Department of Electronics and Information Engineering, North China University of Technology, Beijing 100144, China.
Department of Software, Beihang University, Beijing 100191, China.
Sensors (Basel). 2018 Jun 11;18(6):1906. doi: 10.3390/s18061906.
Face recognition/verification has received great attention in both theory and application for the past two decades. Deep learning has been considered as a very powerful tool for improving the performance of face recognition/verification recently. With large labeled training datasets, the features obtained from deep learning networks can achieve higher accuracy in comparison with shallow networks. However, many reported face recognition/verification approaches rely heavily on the large size and complete representative of the training set, and most of them tend to suffer serious performance drop or even fail to work if fewer training samples per person are available. Hence, the small number of training samples may cause the deep features to vary greatly. We aim to solve this critical problem in this paper. Inspired by recent research in scene domain transfer, for a given face image, a new series of possible scenarios about this face can be deduced from the scene semantics extracted from other face individuals in a face dataset. We believe that the "scene" or background in an image, that is, samples with more different scenes for a given person, may determine the intrinsic features among the faces of the same individual. In order to validate this belief, we propose a Bayesian scene-prior-based deep learning model in this paper with the aim to extract important features from background scenes. By learning a scene model on the basis of a labeled face dataset via the Bayesian idea, the proposed method transforms a face image into new face images by referring to the given face with the learnt scene dictionary. Because the new derived faces may have similar scenes to the input face, the face-verification performance can be improved without having background variance, while the number of training samples is significantly reduced. Experiments conducted on the Labeled Faces in the Wild (LFW) dataset view #2 subset illustrated that this model can increase the verification accuracy to 99.2% by means of scenes' transfer learning (99.12% in literature with an unsupervised protocol). Meanwhile, our model can achieve 94.3% accuracy for the YouTube Faces database (DB) (93.2% in literature with an unsupervised protocol).
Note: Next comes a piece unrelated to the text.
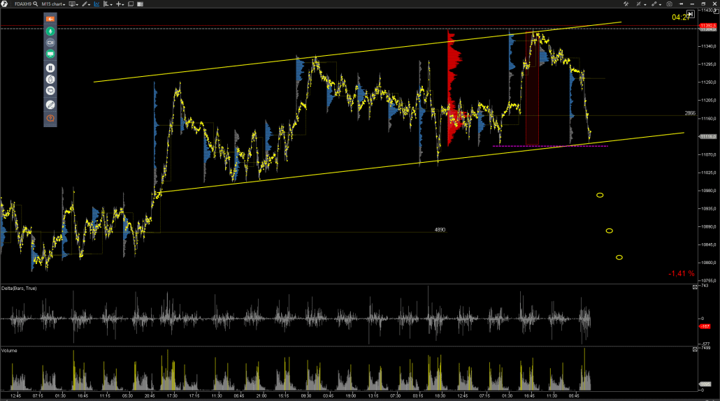 Esta mañana en la Trading Room más info sobre esta (click aquí) partíamos de un escenario de ayer, este en TF 1 minuto.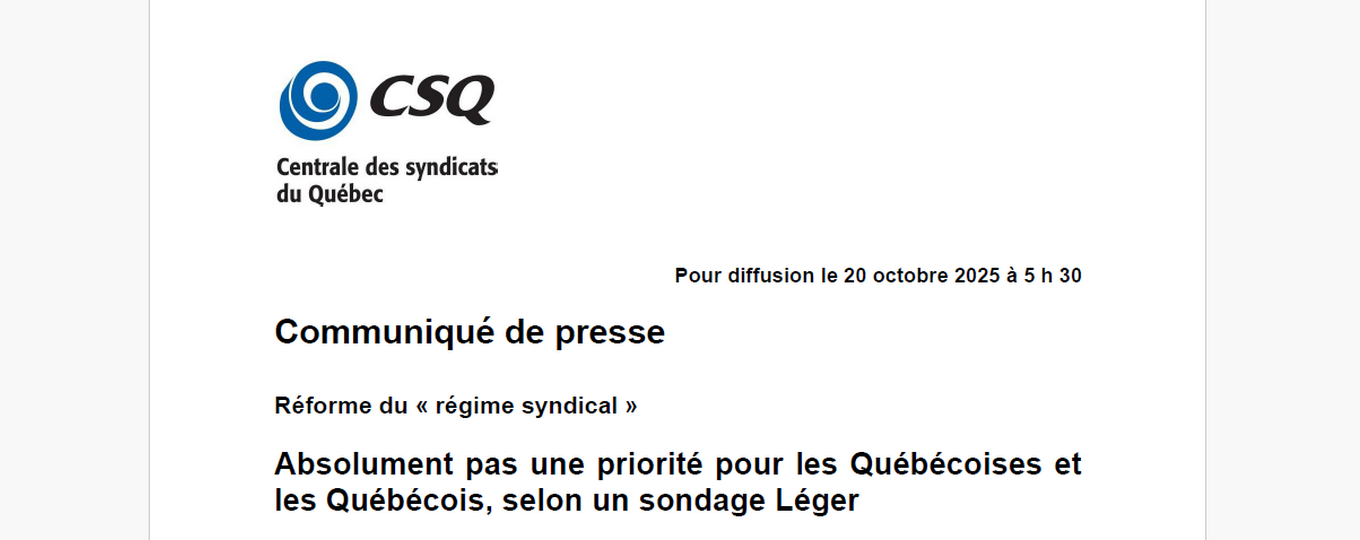 Réforme du régime syndical: «Absolument pas une priorité», selon un sondage Léger

在过去的二十年中,人脸识别/验证在理论和应用方面都受到了极大的关注。深度学习最近被认为是提高人脸识别/验证性能的非常强大的工具。有了大型标记训练数据集,从深度学习网络中获得的特征可以比浅层网络获得更高的准确性。然而,许多已报道的人脸识别/验证方法严重依赖于训练集的大小和完整性,并且大多数方法如果每个人的训练样本较少,性能就会严重下降甚至无法工作。因此,少量的训练样本可能会导致深度特征发生很大的变化。我们旨在解决本文中的这个关键问题。受最近场景域转换研究的启发,对于给定的人脸图像,可以从人脸数据集中从其他人脸个体中提取的场景语义中推断出关于该人脸的一系列可能场景。我们相信,图像中的“场景”或背景,即给定人具有更多不同场景的样本,可能决定了同一个体的人脸之间的内在特征。为了验证这一信念,我们在本文中提出了一种基于贝叶斯场景先验的深度学习模型,旨在从背景场景中提取重要特征。通过基于贝叶斯思想在标记人脸数据集上学习场景模型,该方法通过参考所学到的场景字典将人脸图像转换为新的人脸图像。由于新派生的人脸可能与输入人脸具有相似的场景,因此可以在没有背景变化的情况下提高人脸验证性能,同时显著减少训练样本的数量。在 Labeled Faces in the Wild (LFW) 数据集 view #2 子集上进行的实验表明,该模型可以通过场景迁移学习将验证准确率提高到 99.2%(文献中使用无监督协议为 99.12%)。同时,我们的模型可以实现 94.3%的 YouTube Faces 数据库(DB)准确率(文献中使用无监督协议为 93.2%)。